Sudjojono bersekolah di HIS Boedi Oetomo di Tebing Tinggi. Karena kecerdasannya ia di
angkat menjadi anak oleh gurunya yaitu Pak Yudhakusuma.
Yudhokusumo, kemudian membawanya ke Jakarta tahun 1925 saat itu ia sdang duduk di
kelas VI.
Lukisannya punya ciri khas kasar, tidak naturalistik, goresan dan sapuan bagai dituang begitu
saja ke kanvas. Dalam lukisan-lukisannya yang Nampak bukanlah alam yang disajikan
dengan halus cermat, kecermatan tidaklah dijadikan tujuan, melainkan sebagai bakal untuk
mengekspresikan kebenaran yang lebih tinggi. Objek lukisannya lebih menonjol pada
pemandangan alam, sosok manusia, serta suasana. Pemilihan objek itu lebih didasari
hubungan batin, cinta, dan simpati sehingga tampak bersahaja. Lukisannya yang monumental
antara lain berjudul: Di Depan Kelambu Terbuka, Cap Go Meh, Pengungsi Seko, dan Saya
Bukan Anjing yang merupakan salah satu lukisannya yang terkuat.

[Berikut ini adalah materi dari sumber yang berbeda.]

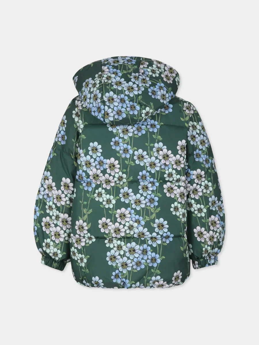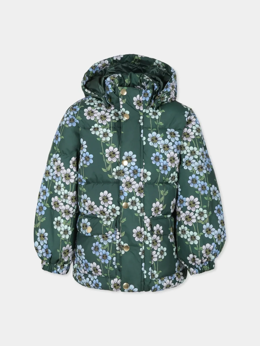 Piumino verde pesante, impermeabile, imbottito e trapuntato, a maniche lunghe, con cappuccio removibile, chiusura frontale con zip e bottoni automatici, tasche con patta e bottone sul davanti, polsini elasticizzati. รˆ decorato con stampa margherite all-over e patch logato sul lato. Questo capo รฉ realizzato con poliestere riciclato. Composizione: 100%poliestere Riciclato

Sudjojono juga aktif dalam organisasi, Ketika Jepang datang dan memasuki kegiatan
kesenian di Indonesia Sudjojono diminta duduk membantu Bung Karno dalam organisasi
POETERA. Setelah keluar dari POETERA, ia masuk Keimin Bunka Shidosho, ia mendapat
tugas untuk memimpin bagian seni lukis. Setelah Republik Indonesia Di proklamasikan
Sudjojono bergabung dengan Angkatan Pemuda Indonesia (API) bersama kawan-kawan
seniman ia membentuk bagian kesenian yang aktif mengadakan kegiatan penerangan kepada
rakyat tentang cita-cita nasional, dan tentang proklamasi kemerdekaan. Ketika pemerintahan
RI hijrah ke Yogyakarta, sudjono pun meninggalakan Jakarta. Ia mula-mula bergabung
dengan Front Krawang Cikampek, lalu pergi ke Madiun membentuk Seniman Indonesia
Muda bersama Trisno Sumardjo, Kusbini, dll. Mereka menerbitkan sebuah majalah yang
berjudul seniman, yang banyak memuat karangan tentang kesenian.Sudjojono juga pernah
menerbitkan sebuah buku berjudul seni, seniman, dan senilukis (1946).

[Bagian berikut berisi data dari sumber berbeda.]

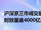 据同花顺iFinD数据,截至目前,沪深京三市成交额突破1万亿元,较上交易日此时放量逾4000亿元,其中沪市成交额4392亿元,深市成交额5579亿元 浏览全文>>

Setelah selesai perang kemerdekaan Sudjojono menyatakan bahwa seni lukis Indonesia itu
haruslah merupakan seni lukis dengan gaya realisme. Sudjojono yang semula bukanlah
seorang pelukis dengan gaya realisme namun ekspresionisme. Perubahan pandangan ini
menuai kontroversi di kalangan seniman. Para pengeritiknya berpendapat bahwa Sudjojono
menggabungkan pandangan politik dengan pandangan seni. Hal ini semakin di sokong oleh
sudjojono setelah ia secara terang-terangan menjelang pemilihan umum yang yang pertama
awal tahun 1950-an masuk kedalam Partai Komunis Indonesia (PKI) dan mencalonkan diri
menjadi menjadi anggota DPR dan terpilih. Namun pada 1957, ia membelot. Salah satu
alasannya, bahwa buat dia eksistensi Tuhan itu positif, sedangkan PKI belum bisa
memberikan jawaban positif atas hal itu. Di samping ada alasan lain yang tidak
diungkapkannya yang juga diduga menjadi penyebab Sudjojono menceraikan istri
pertamanya, Mia Bustam. Lalu dia menikah lagi dengan
penyanyi Seriosa, Rose Pandanwangi. Dengan begitu berakhirlah peranan sujojono si
seniman sebagai orang politik, ia kembali menekuni kehidupan seni Nama isterinya ini lalu
diabadikannya dalam nama Sanggar Pandanwangi. Dari pernikahannya dia dianugerahi 14
anak.
Sudjojono merupakan seorang seniman yang ikut berperan serta secara fisik dalam
perjuangan mempertahankan kemerdekaan. Bukan saja dengan memanfaatkan bakat dan
kepandaiannya dalam bidang seni. Tetapi juga membantu para tentara sebagai penghubung.
Dia pionir yang mengembangkan seni lukis modern khas Indonesia, dan, dijuluki Bapak Seni
Lukis Indonesia Baru
Dia salah seorang pendiri Persatuan Ahli Gambar Indonesia (Persagi) di Jakarta
tahun 1937 yang merupakan awal sejarah seni rupa modern di Indonesia.
Buka yang ia tebitkan ( seni, seniman, dan senilukis) merupakan buku yang penting
artinya dalam perkembangan kesenian Indonesia.